Summary for “Generic Database Cost Models for Hierarchical Memory Systems”
Published:
This is my summary for the paper Generic Database Cost Models for Hierarchical Memory Systems.
Database cost models consist of two components: the logical component and the physical component. While the physical operators’ specific details are irrelevant to the logical component, the physical component has to know the physical operators’ algorithms and implementations to make a suitable choice for a given logical operator. Although disk-access and CPU time costs have been well-studied in the literature, there is a research gap for modeling memory access costs, especially in hierarchical memory systems. Due to caches in a hierarchical memory system, research on this topic must model memory access patterns. This is the main objective of this paper. Additionally, a model for algorithms’ memory access costs can also extend to I/O costs.
Caches are usually organized into multiple levels. In cache systems, there are three important parameters: cache capacity (C), cache block size (B), and cache associativity (A). Furthermore, access latency consists of sequential access latency and random access latency. The authors generalize every cache/memory/disk level to the same unified cost model and treat the system as a multilevel cache system. Each level is different from one another in the exact hardware characteristics (i.e., the number of cache misses, access latency), and a cache/memory/disk level can be treated as the cache for an immediately lower level cache/memory/disk. The authors hypothesize that with this assumption, we can calculate the total cost of data access across the whole system as a sum of costs across all cache levels:
\[T_{mem} = \Sigma_{i = 1}^N(M_i^s l_{i+1}^s +M_i^r l_{i+1}^r)\]With $x_{{s, r}}$ (i.e., sequential, random), $M_i^x$ is the number of cache misses at level $i$, $l_{i+1}^x$ is the access latency of level $i$. While the access latency depends on the hardware and measurable for an arbitrary computer using a Calibrator (a special program provided by the authors), the number of cache misses also depends on the algorithms. We must derive this number from each algorithm’s access pattern. The authors approach this challenge by hypothesizing that each algorithm/operator’s complex data access pattern can be decomposed into simpler data access patterns. The first building block to this assumption is basic access patterns: single sequential traversal, repetitive sequential traversal, single random traversal, repetitive random traversal, random access, interleaved multi-cursor access. To build up complex access patterns from these basic patterns, the authors introduce compound access patterns, comprising sequential execution and concurrent execution. It is demonstrated that we can describe complicated access patterns by many algorithms using the two building blocks: basic access patterns and compound access patterns.

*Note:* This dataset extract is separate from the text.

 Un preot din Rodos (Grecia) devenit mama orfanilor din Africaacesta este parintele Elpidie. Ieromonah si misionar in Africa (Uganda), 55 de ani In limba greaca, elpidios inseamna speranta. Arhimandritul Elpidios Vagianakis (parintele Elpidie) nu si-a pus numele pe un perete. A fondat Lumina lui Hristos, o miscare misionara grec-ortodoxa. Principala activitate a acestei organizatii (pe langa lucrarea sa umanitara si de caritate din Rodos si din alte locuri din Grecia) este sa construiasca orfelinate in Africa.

The authors also provide the formula for estimating the number of cache misses for each basic pattern and how to derive these formulas. Although the formulas vary across the access patterns, the formulas’ parameters are the hardware characteristic at a particular cache level. The final problem is then how to model cache interference between subpatterns in a compound access pattern. Firstly, the authors introduce states to model the cache states between subsequent patterns. This additional concept is enough to model sequential execution. However, to model concurrent execution, the authors propose dividing the hypothetically usable cache to each competing pattern according to its footprint size. With this final piece, the formulation for computing the number of cache misses for concurrent execution is introduced.
The authors report experiments performed on an SGI Origin 2000 with five different algorithms: Quick-Sort, Merge-Join, Hash-Join, Partitioning, and Partitioned Hash-Join on four metrics L1 misses, L2 misses, TLB misses, and total execution time. The experiments show that the data access cost model proposed can predict the trends of the metrics with low errors. Most importantly, the method can predict with high accuracy the important points in which there are noticeable changes in these metrics.

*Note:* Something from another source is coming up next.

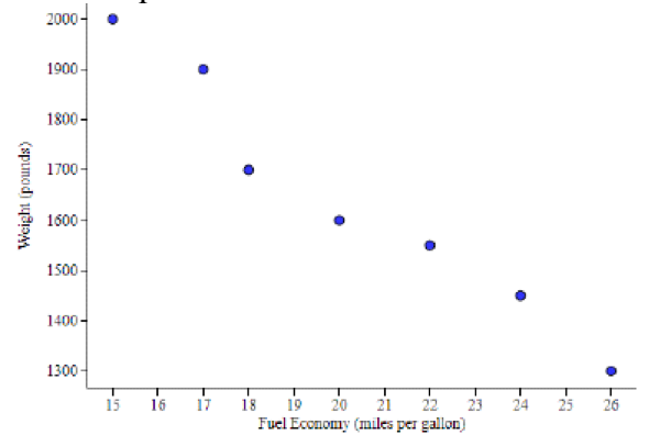 Researchers interested in the relationship between vehicle weight and fuel economy collected dat from randomly selected vehicles.

By assuming that a database system with cache, memory, and disk for data access can be treated as a multilevel cache system, the paper proposes a unified model for data access cost in database management systems. The authors suggest a method for decomposing complex data access patterns into manageable components with basic access patterns and compound access patterns. The data access cost of an algorithm can then be estimated by estimating the cost of its data access subpatterns and calculating hardware constants. This method allows calculating the data access cost of an arbitrary algorithm by describing its data access pattern using the concepts provided by this paper.